Les services de renseignement américains se préparent à sécuriser les élections de mi-mandat de 2026 face aux inquiétudes liées à l'IA
La communauté du renseignement américain intensifie ses efforts pour protéger les prochaines élections de mi-mandat de 2026 contre l'ingérence étrangère. Cette démarche intervient dans un contexte d'inquiétudes quant à l'utilisation potentielle de l'intelligence artificielle pour propager de la désinformation et manipuler les électeurs.
La communauté du renseignement américain intensifie ses efforts pour protéger les élections de mi-mandat de 2026 contre la manipulation étrangère. Cette initiative intervient alors que les enquêtes sur les allégations réfutées de fraude lors de l'élection de 2020 font l'objet d'un examen minutieux.
**L'ODNI nomme des responsables chargés des menaces électorales**
La Directrice du renseignement national, **Tulsi Gabbard**, a nommé **Dave Mastro** du National Intelligence Council et **James Cangialosi**, chef adjoint du National Counterintelligence and Security Center, pour coordonner conjointement les efforts des agences d'espionnage américaines. Ils serviront de responsables des menaces électorales pour la communauté du renseignement.
Ce poste, créé lors du premier mandat du président Donald Trump, est responsable de la convocation d'un groupe inter-agences pour évaluer et publier les preuves d'ingérence étrangère.
Mastro et Cangialosi ont récemment réaffirmé l'engagement de la communauté du renseignement à protéger les élections de mi-mandat lors de briefings à huis clos pour les collaborateurs des commissions du renseignement de la Chambre et du Sénat. Ils ont également déclaré que le Bureau de la Directrice du renseignement national (**ODNI**) adhérerait au cadre de notification existant pour l'ingérence étrangère dans les élections américaines.
**Controverse autour de la ré-examination de l'élection de 2020**
Le rôle de Gabbard dans la ré-examination de l'élection de 2020 a suscité des critiques.
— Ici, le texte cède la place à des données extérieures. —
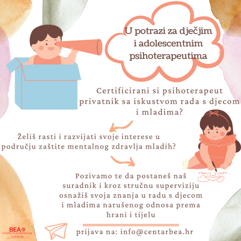 Pozivamo psihoterapeute certificirane za rad s djecom i mladima na suradnju sa Centrom za poremećaje hranjenja BEA.

Sa présence lors d'un raid du **FBI** dans un bureau électoral de Géorgie en janvier, lié à des théories non prouvées de vol d'élection, a provoqué l'indignation des législateurs démocrates.
Il a également été rapporté que son bureau avait saisi des machines de vote à Porto Rico l'année dernière, ce que son bureau a insisté être pour évaluer les vulnérabilités de sécurité, et non lié à une élection spécifique.
**Inquiétudes concernant les coupes budgétaires de la CISA et la menace de l'IA**
Les inquiétudes augmentent quant à l'impact des réductions budgétaires de la Cybersecurity and Infrastructure Security Agency (**CISA**), qui ont réduit ses effectifs d'environ un tiers et réduit la formation à la sécurité électorale et l'assistance en matière de sécurité numérique aux responsables électoraux des États et des localités.
Le sénateur Mark Warner a souligné le potentiel de l'intelligence artificielle (**IA**) à exacerber la propagation de la mésinformation et de la désinformation, représentant une menace importante pour l'intégrité des élections.
« Nous avons déjà vu, à d'innombrables égards, la capacité de l'IA à propager la mésinformation et la désinformation », a-t-il déclaré. « Si vous mettez cela sur des stéroïdes derrière un effort russe, chinois, voire iranien pour perturber nos élections, cela présage des ennuis, car vous avez déjà vu un président qui nie les résultats des élections. »
**Cyber Command et la NSA en état d'alerte**
Le personnel du U.S. Cyber Command et de la National Security Agency (**NSA**) a reçu l'instruction de surveiller les communications des adversaires étrangers relatives aux élections américaines. Les deux entités devraient reconstituer leur groupe conjoint de sécurité électorale, avec des propositions décrivant les plans du groupe qui devraient être envoyées bientôt à Gabbard et au secrétaire à la Défense Pete Hegseth.
Le président de la commission du renseignement de la Chambre, Rick Crawford, a souligné que l'ingérence électorale est une préoccupation constante et que les adversaires étrangers peuvent avoir une influence significative au niveau du district congressionnel ou de l'État.